What's So Different?

America and the Holy Land share this in common: The struggle for justice, human rights and civil liberties.

June 24, 2021

LOS ANGELES, CA - Wednesday, 23 June 2021 - Amidst rising tensions in the Middle East, Muslim-Jewish-Christian faith leaders convened for a special interfaith event and addressed the shared struggles Palestinians and Americans hold for justice, civil rights, and civil liberties. The continued escalation of violence following a 4-week ceasefire, with airstrikes on the Gaza Strip, and persistent militarization and occupation in Silwan and Sheikh Jarrah further illustrates why these parallels should move the U.S. government to act with urgency. The fight against systemic racism and injustice in the United States is met with the same state-sanctioned militarization and violence that those in Palestine are met with when fighting against occupation. As Reverend Mike Kinman, Rector at All Saints Church, noted, “...they [community members in Ferguson, 2014] were met by police in military gear who shot tear gas canisters at them. And one of the people there picked up the tear gas canister and took a picture of it and tweeted it out. And someone in Palestine saw that picture and tweeted a picture in return of the same tear gas canister that had been shot at them by IDF forces.”

Throughout the gathering, leaders from each Abrahamic faith emphasized the belief that drives meaningful change where governments fail to respond. As MPAC President Salam Al-Marayati noted, “Much like what happened with George Floyd, the government didn't react until the people forced the government to change. This is what's going to have to happen here. The governments are not going to act until the people force a change.” Interfaith leaders must take an unwavering stance that the systems of violence and oppression in the United States and Palestine must end. Leaders emphasized that we must continue to preach the universal truths of freedom and justice at home and abroad.

Rabbi Dr. Aryeh Cohen from the American Jewish University exemplified this interfaith unity by stating, “The result of the ongoing decades-long oppression, suppression, repression of Palestinian citizens of Israel and especially Palestinians in the West Bank who are not citizens and have no rights as civilians. It is time to start realizing that Palestinians have rights in Israel, Palestinians have rights in the West Bank, [and] it is time for the United States to get off the bench and become involved.”

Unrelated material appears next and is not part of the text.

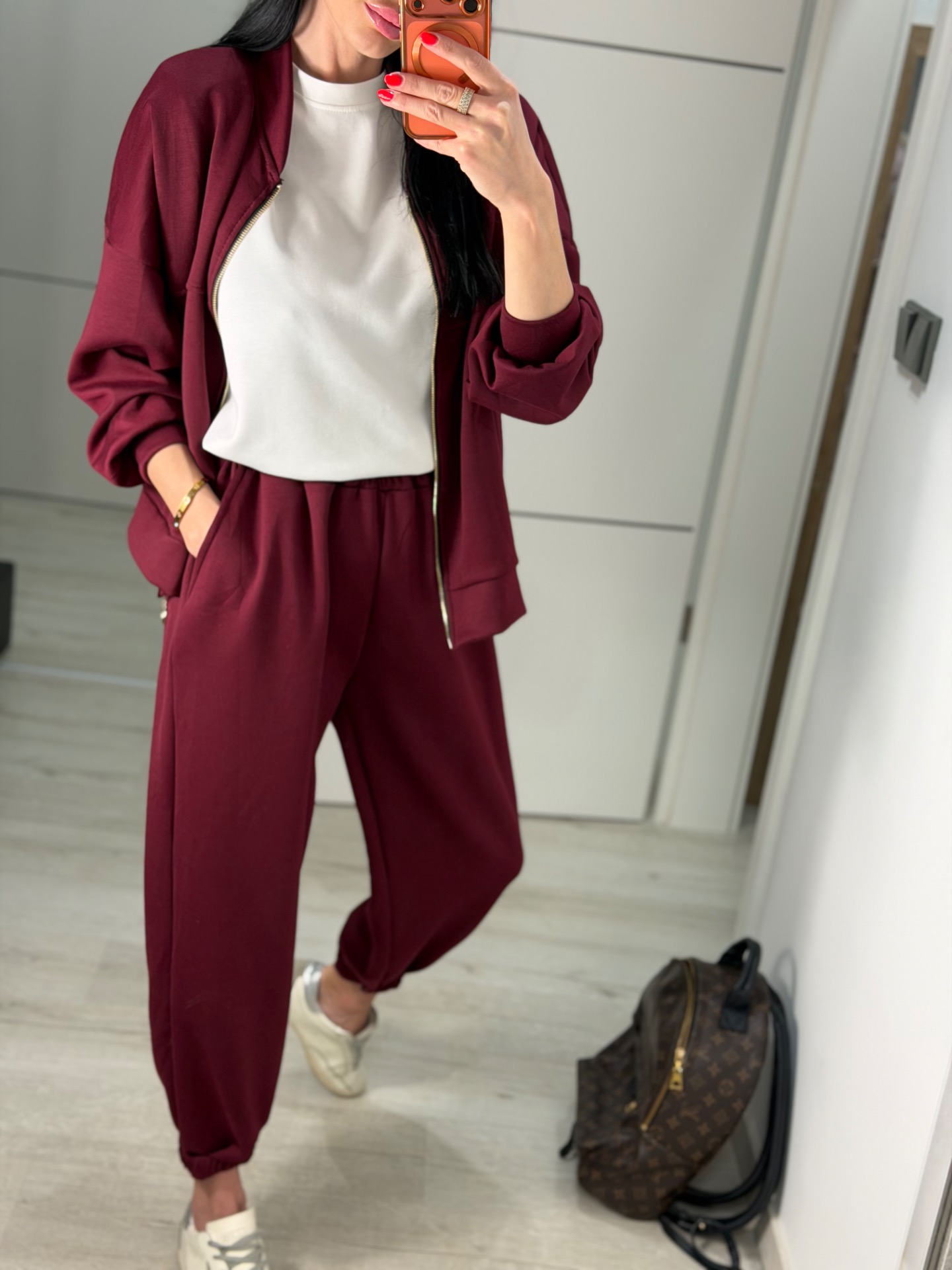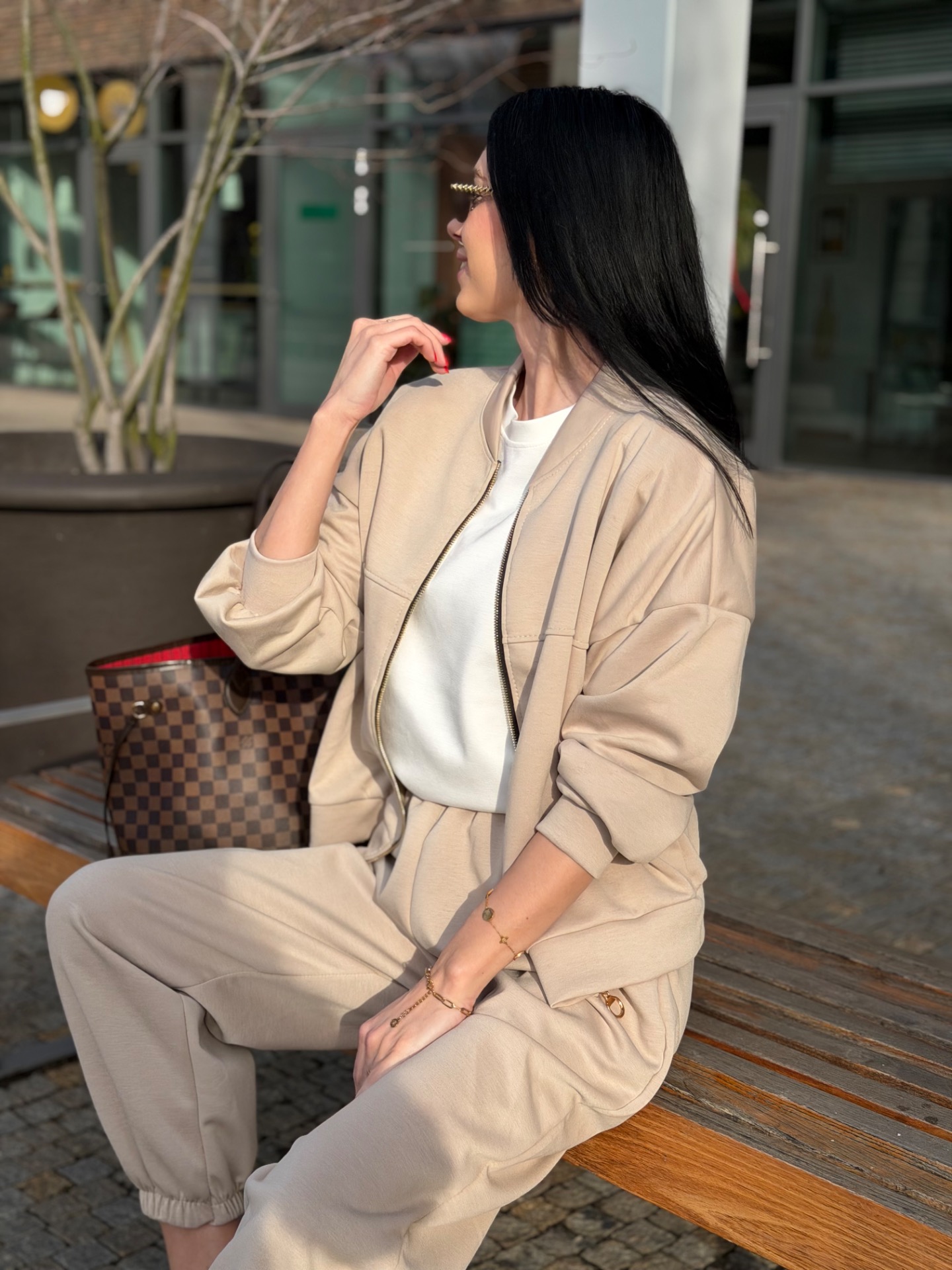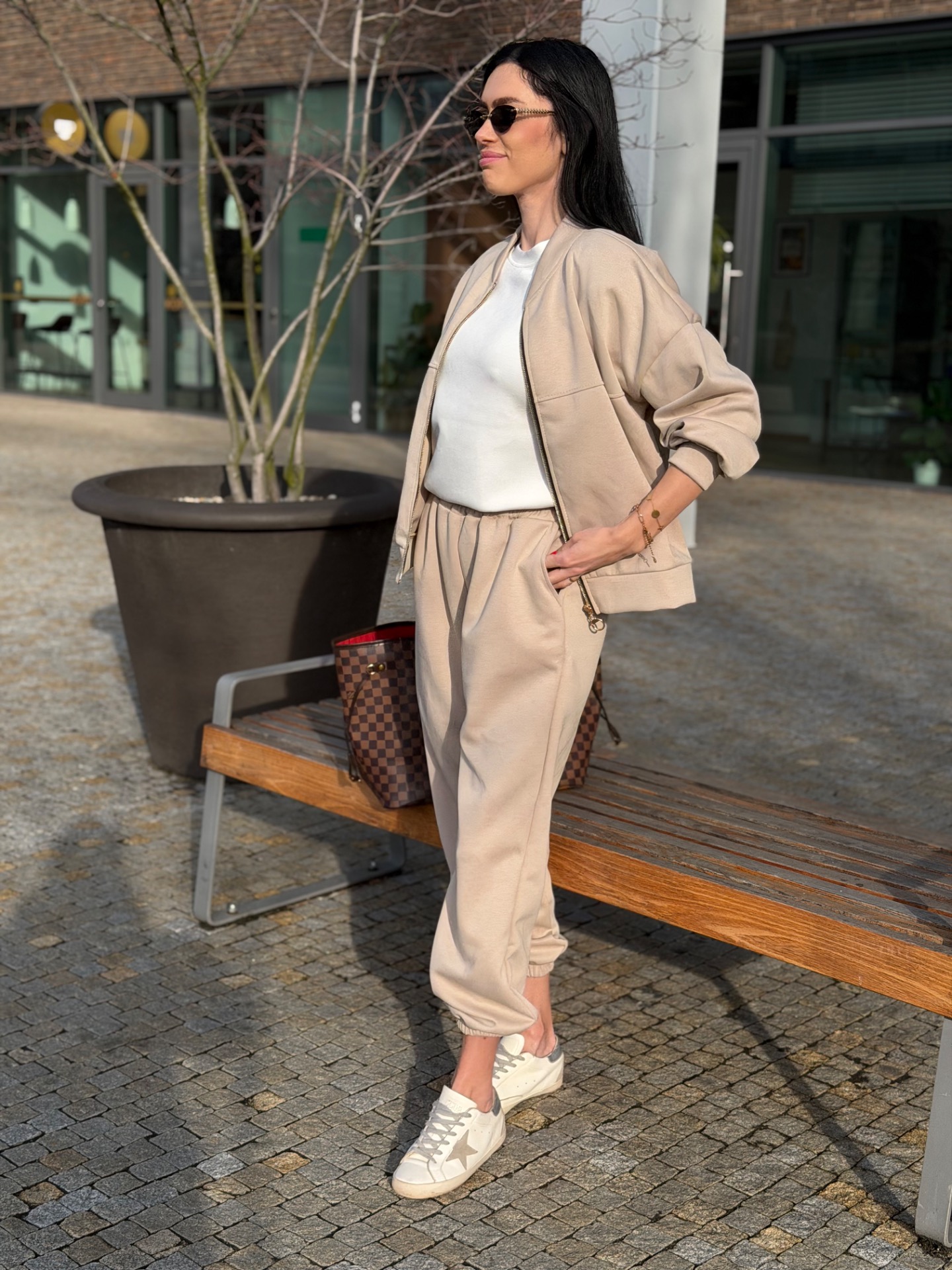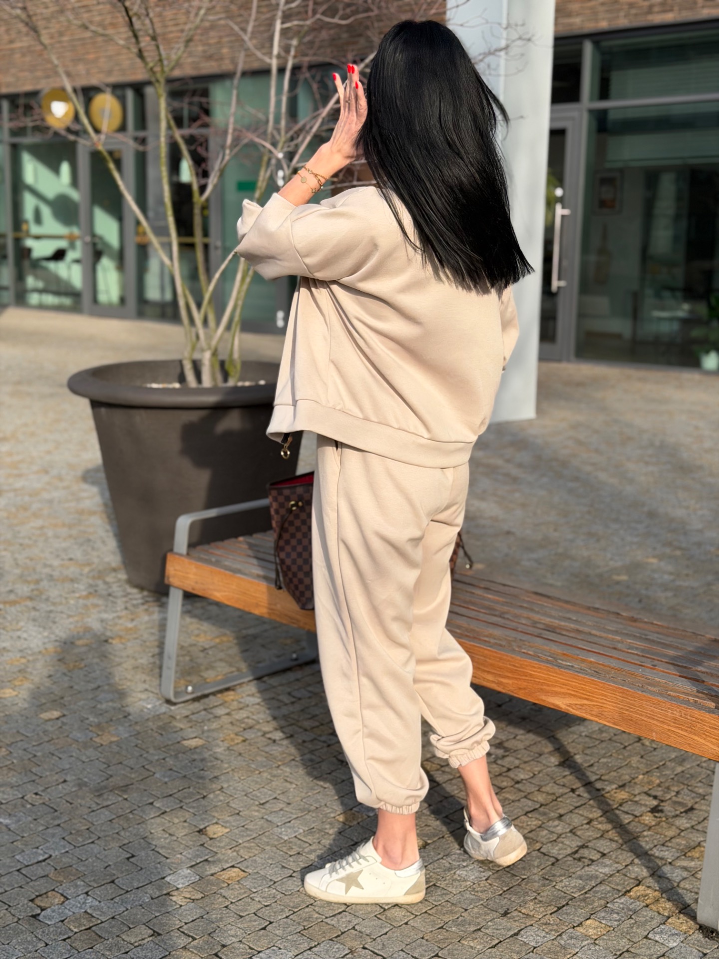 Nádherný, komplet podílem bavlny - velmi kvalitní materiál. Skvělý střih kalhot "sedne" každé postavě. Kalhoty v pase na širokou gumu. Mikina má délku akorád pod zadek. Foceno na postavě XS/172 cm. Komplet "sedne" XS-M.

Echoing Cohen’s sentiment Umar Hakim-Dey, Director of Intellect Love Mercy (ILM) Foundation, shared:

As a Black man in America, I understand what oppression is. As the husband of a South African woman, I understand what oppression is. As an African-American Muslim, I understand what oppression is. In June 2017, nine worshippers were killed in a safe space in Charleston, SC. Is there a correlation there? Yes, the ideology of violence solving a problem with violence.

MPAC brought together a coalition of Interfaith Leaders to condemn this intersectional abuse once and for all. Just as justice for George Floyd required mass protest from the people, we need the people to rise up and call for justice for Palestine. America’s oppressive legacy towards Black and Indigenous communities is being mirrored in real-time in Israel. Captured succinctly by Salam Al-Marayati “We can't say “If we only knew”... we know. The question is if we can only act. We are here together to stand for religious freedom. To stand for justice, to stand against the occupation.” If we turn a blind eye yet again, this unsustainable cycle of aggression will continue to churn. Just as we have united in America against our own injustices, we must unite against the injustices of the Israeli government and demand justice, compassion, and human dignity for Palestinians.